(THE INPUT)

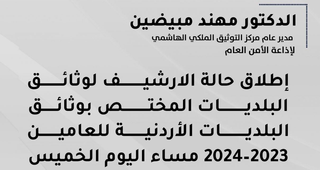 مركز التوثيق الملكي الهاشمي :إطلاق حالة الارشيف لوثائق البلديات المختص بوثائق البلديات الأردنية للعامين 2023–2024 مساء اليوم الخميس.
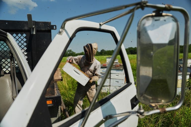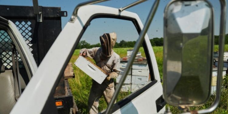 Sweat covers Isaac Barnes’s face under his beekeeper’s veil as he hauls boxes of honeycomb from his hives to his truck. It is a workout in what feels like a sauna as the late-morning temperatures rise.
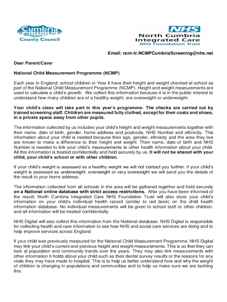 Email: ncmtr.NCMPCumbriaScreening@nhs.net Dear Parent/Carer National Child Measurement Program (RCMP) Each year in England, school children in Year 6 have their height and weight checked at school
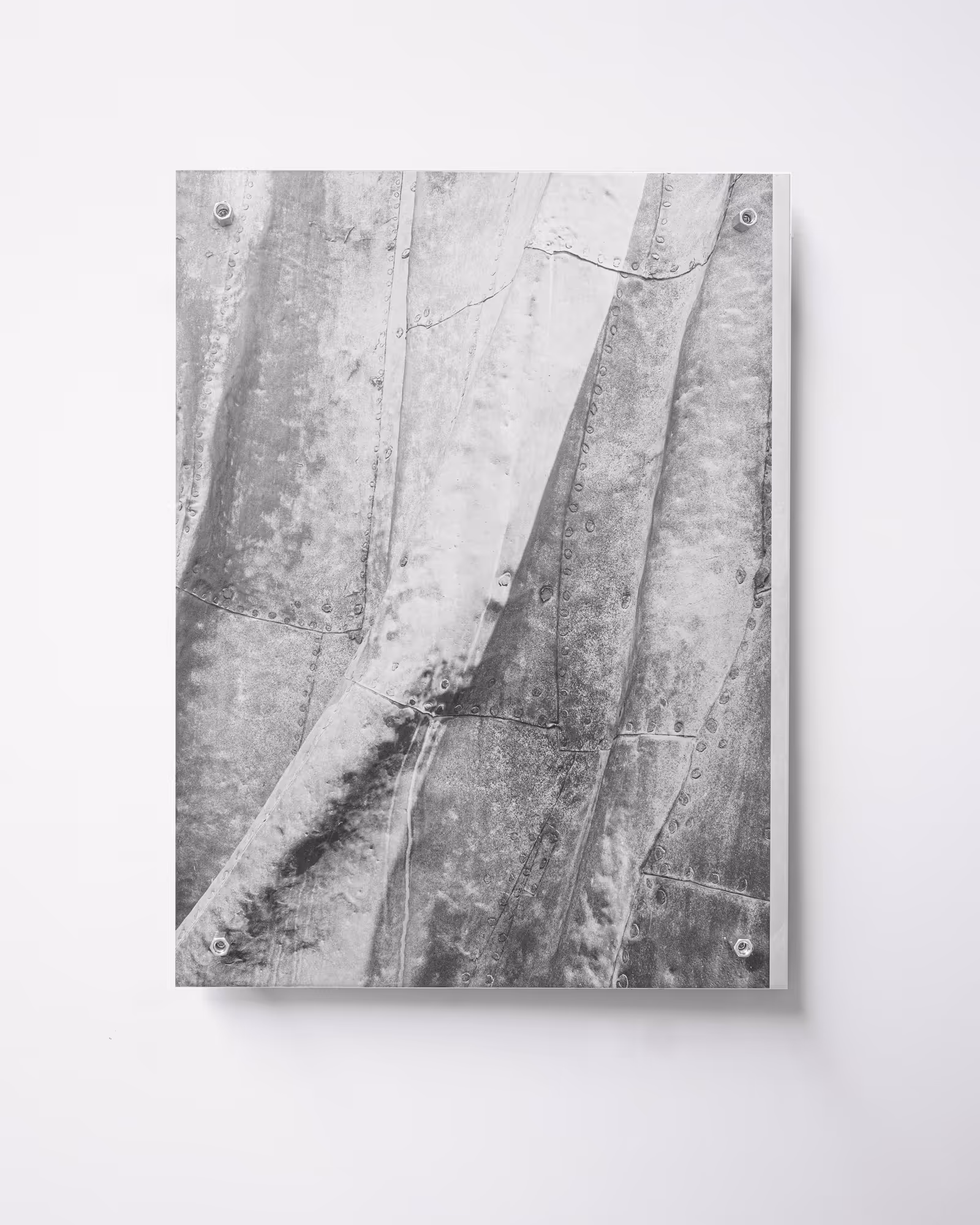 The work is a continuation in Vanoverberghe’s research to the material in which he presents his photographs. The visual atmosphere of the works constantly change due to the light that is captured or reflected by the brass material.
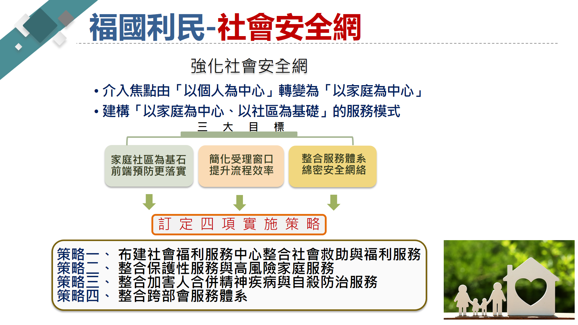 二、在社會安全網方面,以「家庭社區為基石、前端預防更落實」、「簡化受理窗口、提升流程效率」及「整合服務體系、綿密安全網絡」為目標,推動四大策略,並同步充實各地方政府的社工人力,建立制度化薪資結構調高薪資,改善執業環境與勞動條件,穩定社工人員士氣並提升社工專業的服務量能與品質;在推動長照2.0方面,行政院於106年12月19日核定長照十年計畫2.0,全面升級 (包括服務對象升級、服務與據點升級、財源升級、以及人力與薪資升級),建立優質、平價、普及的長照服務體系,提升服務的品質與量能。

(End THE INPUT)

→ WORK ORDER:
Return the records above exactly as written. Do not include their images.

→ YOUR RESPONSE:
 مركز التوثيق الملكي الهاشمي :إطلاق حالة الارشيف لوثائق البلديات المختص بوثائق البلديات الأردنية للعامين 2023–2024 مساء اليوم الخميس.
 Sweat covers Isaac Barnes’s face under his beekeeper’s veil as he hauls boxes of honeycomb from his hives to his truck. It is a workout in what feels like a sauna as the late-morning temperatures rise.
 Email: ncmtr.NCMPCumbriaScreening@nhs.net Dear Parent/Carer National Child Measurement Program (RCMP) Each year in England, school children in Year 6 have their height and weight checked at school
 The work is a continuation in Vanoverberghe’s research to the material in which he presents his photographs. The visual atmosphere of the works constantly change due to the light that is captured or reflected by the brass material.
 二、在社會安全網方面,以「家庭社區為基石、前端預防更落實」、「簡化受理窗口、提升流程效率」及「整合服務體系、綿密安全網絡」為目標,推動四大策略,並同步充實各地方政府的社工人力,建立制度化薪資結構調高薪資,改善執業環境與勞動條件,穩定社工人員士氣並提升社工專業的服務量能與品質;在推動長照2.0方面,行政院於106年12月19日核定長照十年計畫2.0,全面升級 (包括服務對象升級、服務與據點升級、財源升級、以及人力與薪資升級),建立優質、平價、普及的長照服務體系,提升服務的品質與量能。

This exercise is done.